Twilight

by Elie Wiesel

Published 1 May 1988

Twilight is a haunting novel by Nobel Peace prize-winning author Elie Wiesel.

Raphael Lipkin hears voices and talks to ghosts. Spending the summer at the Mountain Clinic, a New York psychiatric hospital, he is not a patient but rather a visiting professional with a secret, highly personal quest.

A Holocaust survivor who has painstakingly rebuilt his life, he has watched, horrified and helpless, as it all started coming apart. He longs for Pedro, the man who rescued him in postwar Poland - who became his mentor, hero, saviour and friend - and taught him truth from falsehood.

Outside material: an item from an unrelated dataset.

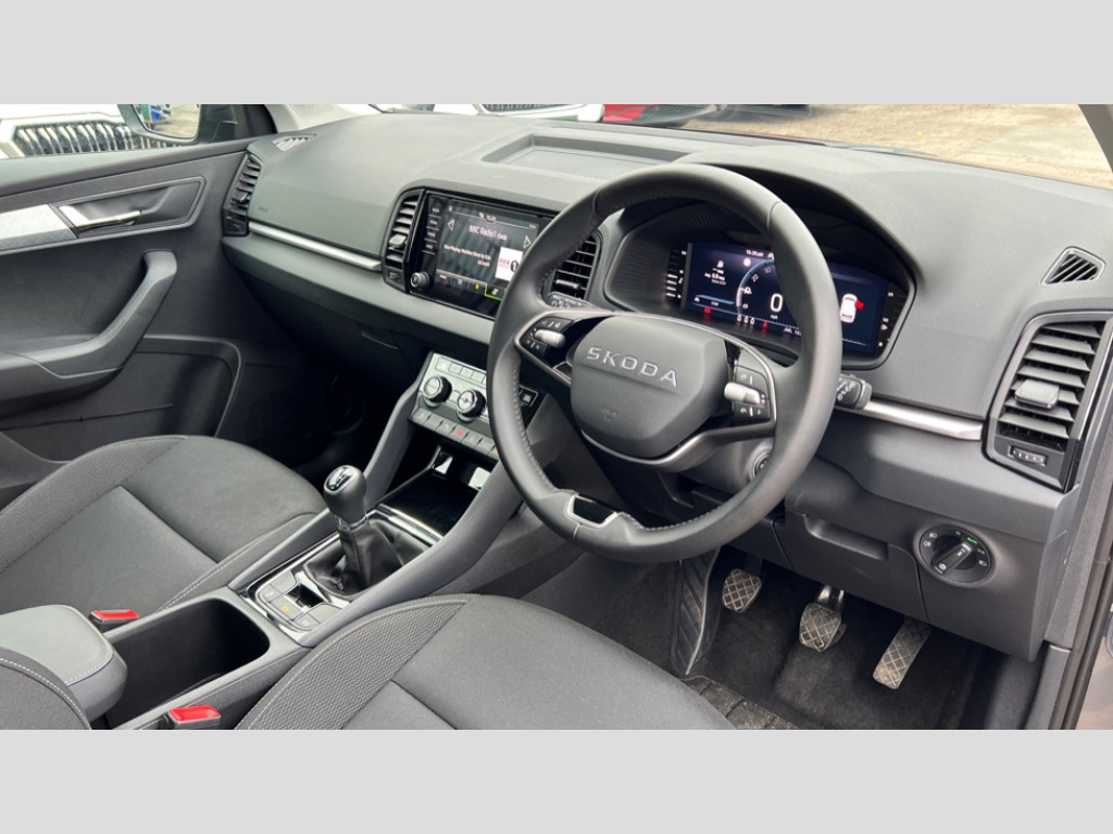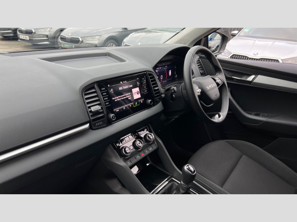 Skoda Karoq 1.0 TSI 116 SE Edition 5dr Advanced driver attention and drowsiness monitor, Amundsen navigation system with 8" touchscreen display and integrated WLAN and web radio, Electro-mechanical PAS, Emergency services call system, Lane assist, Outside temperature gauge, Sensor for driver assistance systems, Service interval indicator, SmartLink wireless for Apple and wired for Android, Start/stop system with regenerative braking, Traffic sign recognition, USB C Port x 2 in front centre console, Virtual Cockpit - 10.25" digital display, Wireless smartphone charging, 8 Speakers, DAB radio with Bluetooth, USB connection, Acoustic glass, Aero front windscreen wipers with intermittent function, Auto dimming rear view mirror with light and rain sensors, Black electric window control buttons, Body colour door mirrors and handles, Electric front and rear windows with child proof lock, Electrically adjustable heated folding and auto dimming door mirrors, Front fog lights, Headlight range control, Heated rear windscreen, LED daytime running lights, LED Headlights, LED rear lights with high functionality welcome effect and dynamic indicators, Light assistant (coming/leaving home/tunnel light), Plastic scuff plates in door apertures, Privacy glass, Rear side wing doors, Rear window wiper with washer system and intermittent control, Safety reflectors on front doors, Third brake light, Unique dark chrome design logo on alloy wheels, 1.5 litre bottle holders in driver and front passenger door panels, 12V socket in boot, 12v socket in front centre armrest with storage compartment and rear air vents, 2 spoke leather heated multifunction steering wheel, 2 x Tablet holder, 3 rear height adjustable headrests, 3 seat bench in 2nd row, 4 foldable roof handles with rear coat hooks, Black floor carpet, Cargo elements in boot, Chrome inner door handles, Driver/front passenger reading lights, Foldable hooks in the boot, Folding tables on the front seat backrests, Front head restraints, Height adjustable driver and passenger seat, Height adjustable front three point seats belts with tensioners, Height/reach adjust steering wheel, Ice scraper, Illuminated glovebox, Illuminated luggage compartment, Interior noise suppression, Isofix child seat preparation for front passenger seat, Isofix child seat preparation outer rear, Loft fabric upholstery, Manual lumbar support for front seats, Pearl grey interior ceiling, Pen holder, Pollen filter, Rear boot cover, Rear package tray, Rear reading lights, Rubbish bin door, Safety vest holder, Single front passenger seat, Skoda lettering on steering wheel, Storage box in upper central dashboard closed, Sunvisors with illuminated vanity mirrors, Textile floor mats, Ticket holder, Umbrella under passenger seat, Under passenger seat storage compartment, Non Smokers pack, Parking pack - Karoq, Winter pack with heated front seats - Karoq, Automatic door unlocking in case of crash, Automatic fuel cut off in case of crash, Driver airbag, Electronic parking brake with auto hold function, Emergency rear braking signal, ESC (incl. ABS+MSR+ASR+EDS+HBA+DSR+RBS+MKB), Front assist, Front side airbags, Head airbags, Hill hold control, Knee airbags, Passenger airbag with switch-off function, Pedestrian monitor, Seatbelt reminder signalisation and pretensioner for all seats, Three point seatbelts rear, Two tone horn, Tyre pressure monitor, Alarm with interior monitoring, back up horn and tilt sensor with safe function, Electronic engine immobiliser, Keyless entry and start/stop, Remote central locking with 2 remote folding keys, Anodized cross door decor, Black centre console, Chrome framed air vents, Satin black dashboard, Satin black door trim, Anti-theft wheel bolts protection, Breakdown and tool kit

But Pedro vanished into Stalin's gulags . . .

Desperate to explain his own survival, Raphael now seeks among the delusional patients the answers to the mysteries of good, evil and madness.

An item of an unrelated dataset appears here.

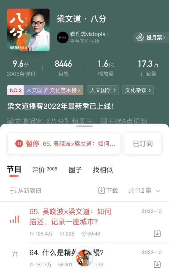 梁文道在喜马拉雅的播客节目《八分》则以阅读为起点,开放更多梁文道的精神私货,每周三、周五晚上陪伴听友,从当下出发,从理想回到现实。他在播客中邀请作家、艺术家、学者做客对话,每场对谈都有思想的光亮,让人感受到交流的乐趣与放松,并重新审视生活中的文化现象、热点话题。

Elie Wiesel was born in 1928 in Sighet, Transylvania, which is now part of Romania. He was fifteen years old when he and his family were deported by the Nazis to Auschwitz. After the war, Elie Wiesel studied in Paris and later became a journalist. During an interview with the distinguished French writer, Francois Mauriac, he was persuaded to write about his experiences in the death camps. The result was his internationally acclaimed memoir, La Nuit or Night, which has since been translated into more than thirty languages.